**Task statement:** With the pictures left out, restate exactly the part below that opens with the line containing "In an advisory, Maynilad" and closes with the line containing "80 level | Barn".
Data provided Block Start
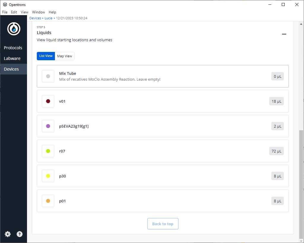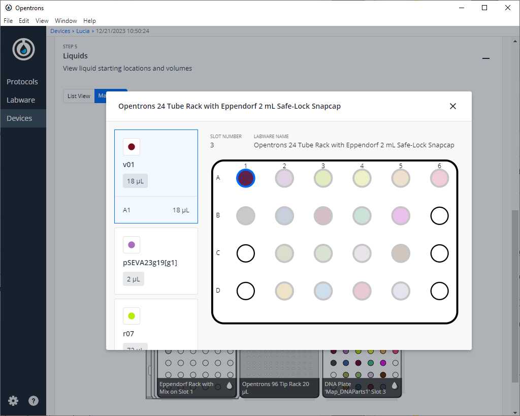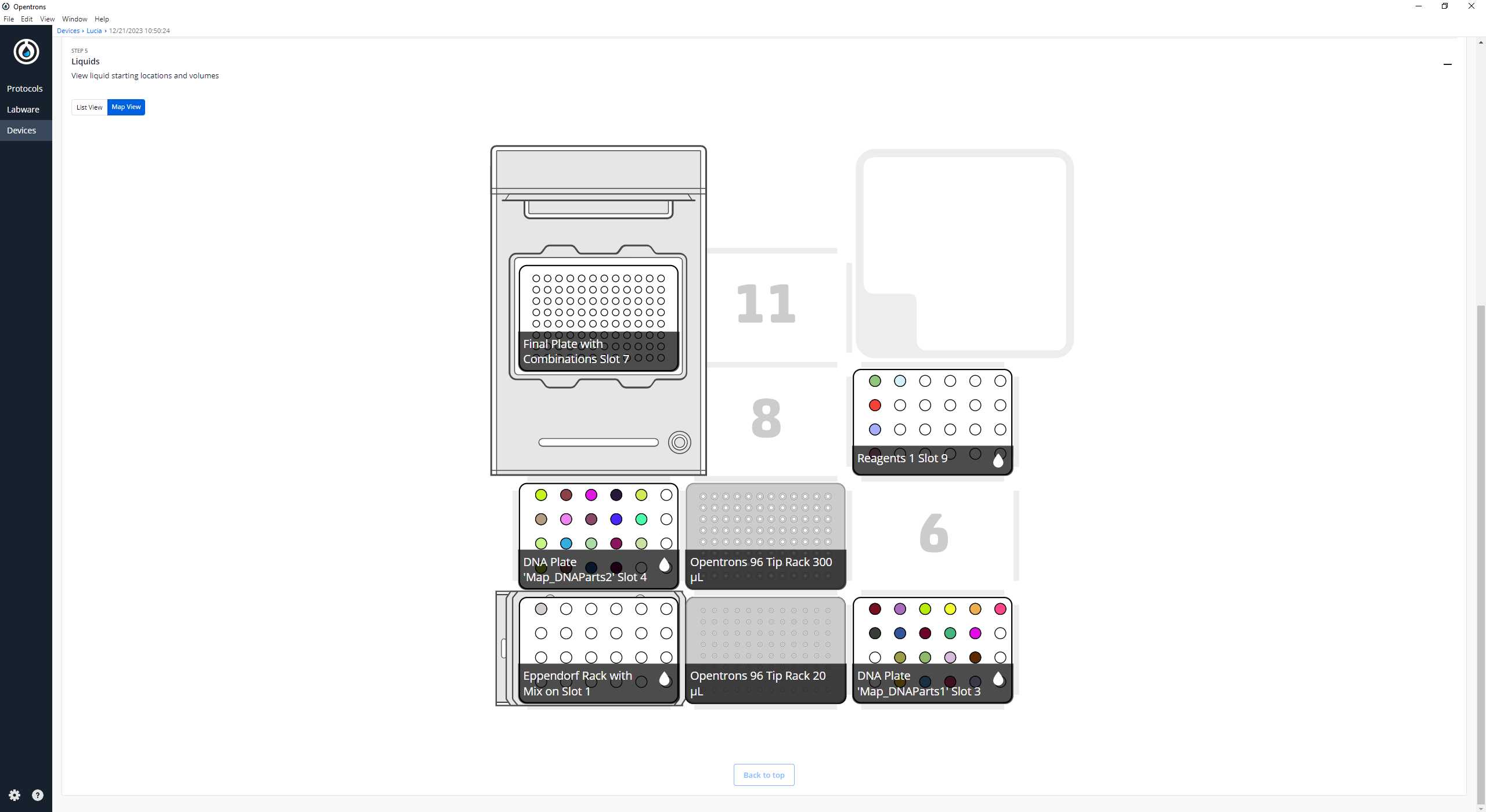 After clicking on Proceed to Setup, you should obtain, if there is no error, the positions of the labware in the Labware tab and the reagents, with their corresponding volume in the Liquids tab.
Data provided Block End
Data provided Block Start
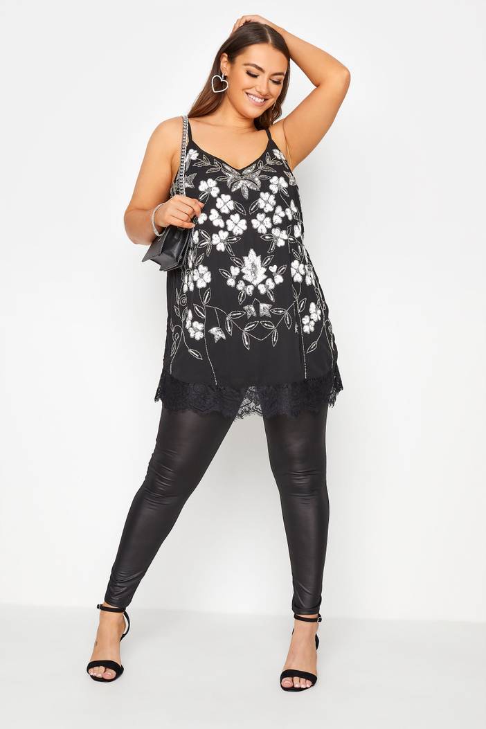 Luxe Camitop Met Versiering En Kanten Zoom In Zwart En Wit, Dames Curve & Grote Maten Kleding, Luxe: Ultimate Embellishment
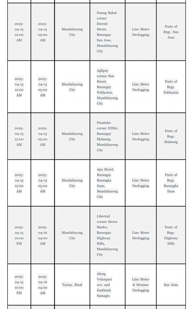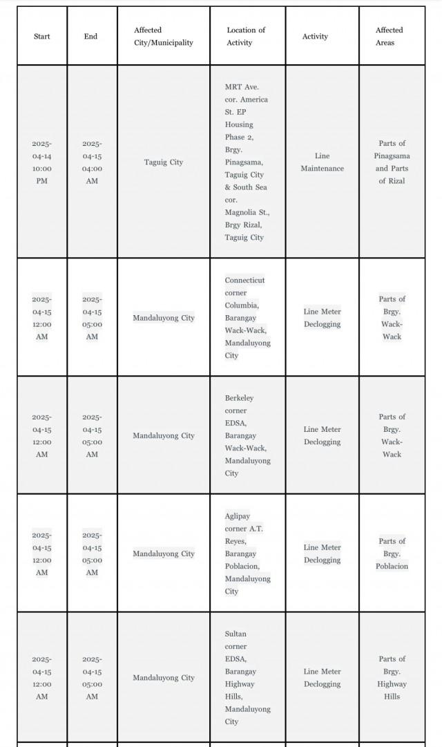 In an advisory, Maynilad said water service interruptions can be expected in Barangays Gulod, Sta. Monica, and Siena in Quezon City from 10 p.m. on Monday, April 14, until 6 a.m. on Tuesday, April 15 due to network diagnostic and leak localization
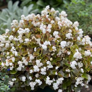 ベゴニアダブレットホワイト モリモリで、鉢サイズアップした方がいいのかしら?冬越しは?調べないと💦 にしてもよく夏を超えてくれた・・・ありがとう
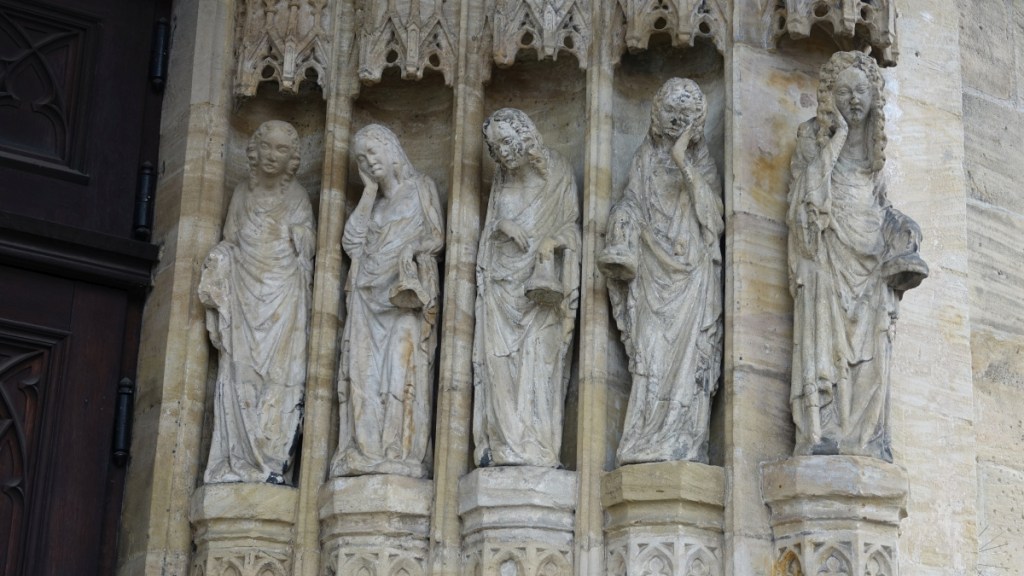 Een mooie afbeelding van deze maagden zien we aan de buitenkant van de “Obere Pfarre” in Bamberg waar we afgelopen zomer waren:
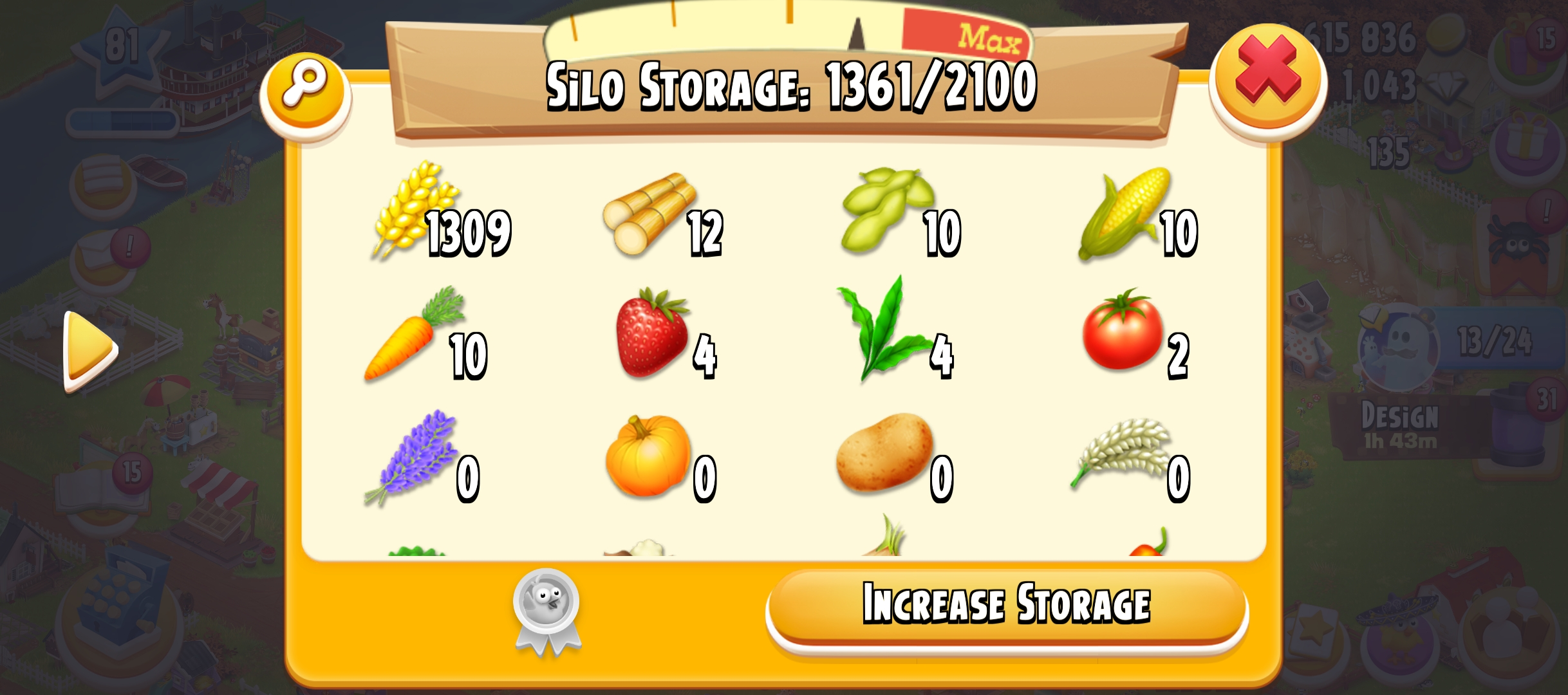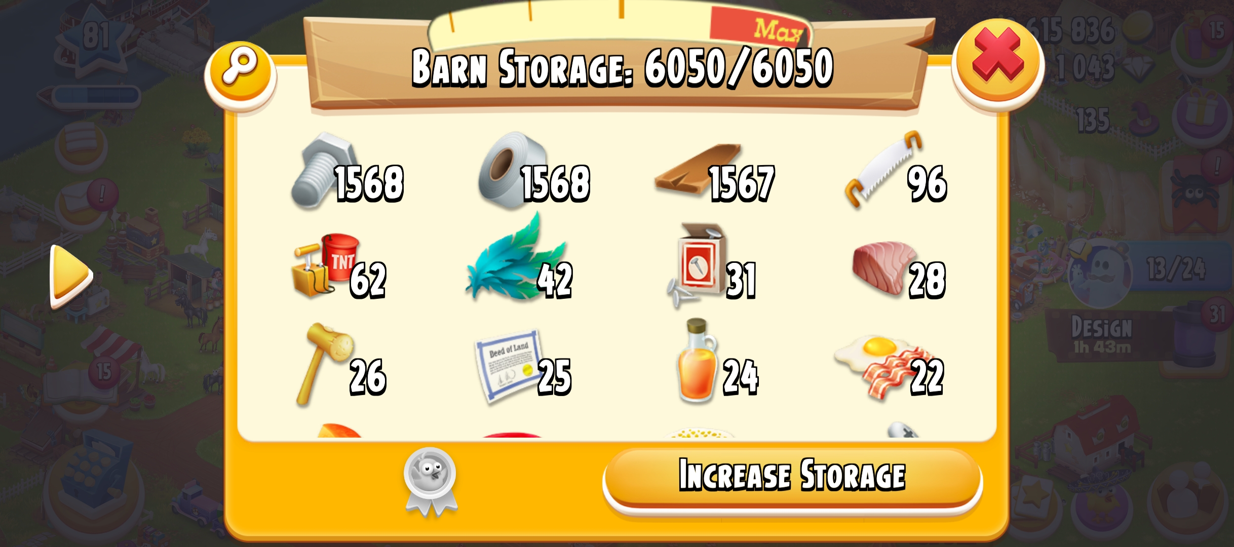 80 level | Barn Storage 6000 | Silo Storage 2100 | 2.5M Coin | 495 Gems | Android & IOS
Data provided Block End
**Exercise result:**
 In an advisory, Maynilad said water service interruptions can be expected in Barangays Gulod, Sta. Monica, and Siena in Quezon City from 10 p.m. on Monday, April 14, until 6 a.m. on Tuesday, April 15 due to network diagnostic and leak localization
 ベゴニアダブレットホワイト モリモリで、鉢サイズアップした方がいいのかしら?冬越しは?調べないと💦 にしてもよく夏を超えてくれた・・・ありがとう
 Een mooie afbeelding van deze maagden zien we aan de buitenkant van de “Obere Pfarre” in Bamberg waar we afgelopen zomer waren:
 80 level | Barn Storage 6000 | Silo Storage 2100 | 2.5M Coin | 495 Gems | Android & IOS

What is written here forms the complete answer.